There is no reason for me to explain why I hate University rankings. Or is there? Today, I attended a talk by Professor Kevin Kinser from Penn State on campus at AUC.

He talked about several really important things and gave subtle critiques of rankings. So I just wanna summarize and reflect here.

  1. I learned the term non-endemic education, when an institution offers education outside of its native environment. Like branch canpuses. Like Western universities in Arab countries. Ish. Like AUC. Though I would say AUC is a cultural hybrid and evolves in response to local and global needs (because who said Egyptians only look locally for future growth?). I did like his critical angle on dangers of non-endemic education and potential colonialism (which I mention with detailed examples in my dissertation; i just didn’t know the term non-endemic, just used postcolonial lens). He also mentioned logistical and cultural issues related to nationality and culture of teachers in these institutions. It’s hard being an American at AUC. It’s hard being an Egyptian at AUC. It’s relatively easier being an AUCian at AUC tbh
  2. He talked about quality as an internal vs external thing. Does a University decide its own internal purpose and judge itself on achieving it, or do external bodies have a say? External bodies may be stakeholders like parents and students, but also accreditors and governments. Of course, both, all. My questions; Internally, who gets to decide? Admin, faculty, students? In what ways? Who gets heard? If all the ppl in upper admin faculty positions are of a certain background (e.g. male, scientist, Egyptian or American or whatever) do they represent the institution?
  3. He asked important questions such as how much power should external QA have and who determines standards. 
  4. He reminded of tension between QA as consistency, an inherently conservative process that may stifle innovation. Whereas futuristic thinking is important 
  5. He mentioned a QA HE organization called INQAAHE which I need to check out
  6. He mentioned different University rankings and their criteria, which as we all know focus heavily on research and reputation. The one thing that is truly common amongst them is that they don’t, for the most part, focus on learning or teaching  

He raised many critical questions in very subtle and calm ways. I hope I can speak that way one day 😉

For me, two key things stood out. These aren’t news to anyone. But they were solidified today:

  1. If you focus on rankings you will allow some external body to look at proxies of your quality, and you will ultimately sacrifice quality of teaching by the ways you prioritize research 
  2. If you focus on reputation, you may end up spending more time doing what is visible globally rather than what is impactful locally. And though both matter, we need to keep asking ourselves what our deeper purpose is

I know this isn’t straightforward. Parents and students and faculty look at rankings. Low ranking may discourage good faculty from joining an institution. Same for students. But then, you don’t wanna get the students only to give them poor quality education while their faculty are busy scrambling to do research. 

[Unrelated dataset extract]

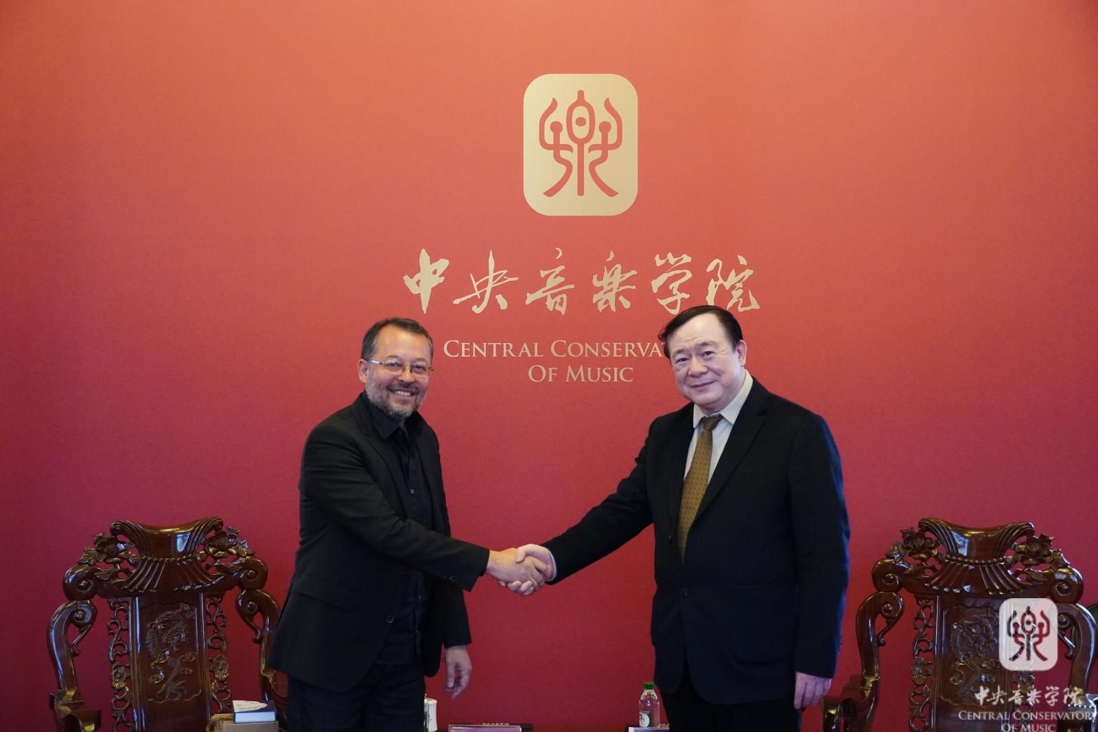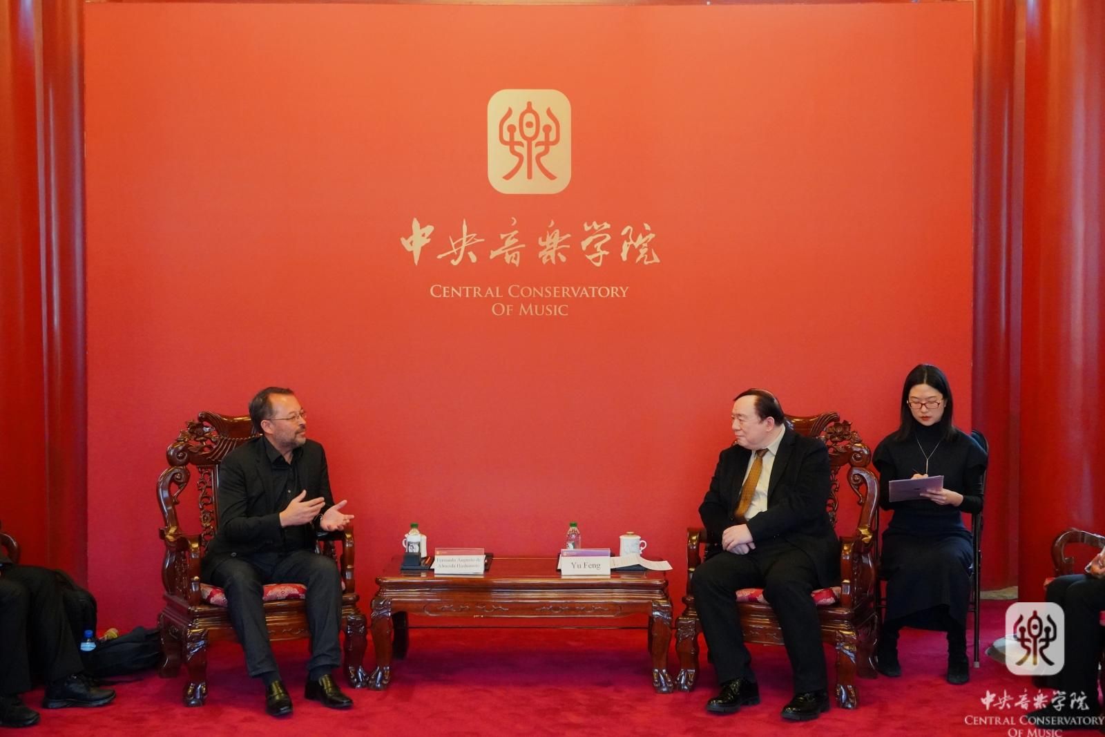 会谈后,代表团一行观看了AC米兰中文官网交响乐团与打击乐专业白伟岐老师合作表演的《被拯救的阿尔贝里希》(克里斯托弗·劳斯作曲)和陈冰教授指挥民族室内乐团表演的《阳关三叠》《依帕内玛女孩》《茉莉青春》等精彩演出。费尔南多院长与打击乐专业师生交流分享了巴西音乐。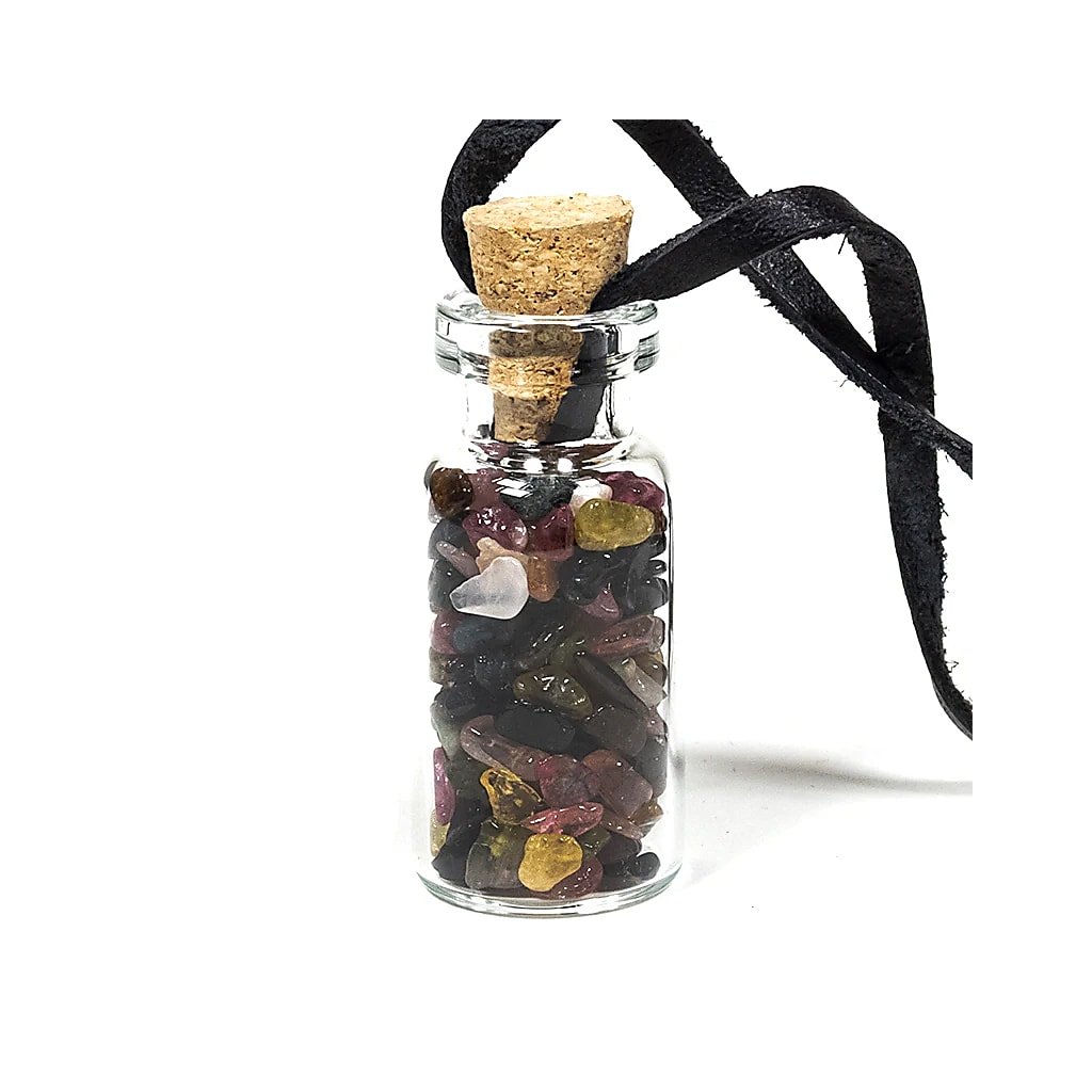 Turmalín ve skleněné lahvičce Velikost 4 cm, kožená sňůrka

I am very strongly pro a system of research-focused faculty who teach graduate/senior courses beside teaching-focused faculty who are required to do minimal research. I don’t understand why successful faculty need to be Jacks of all trades. And no one wins.

I know the problem of two tracks will create newer hierarchies of prestige. But our institution ALREADY has multiple parallel systems. People with (mostly) masters degrees as non-tenure track in some departments. People with industry experience as professors of Practice. Postdocs. So I don’t see why not add one more of these categories, if done transparently and by the faculty member’s choice, and ensuring equitabl compensation in all ways.

But that’s just me.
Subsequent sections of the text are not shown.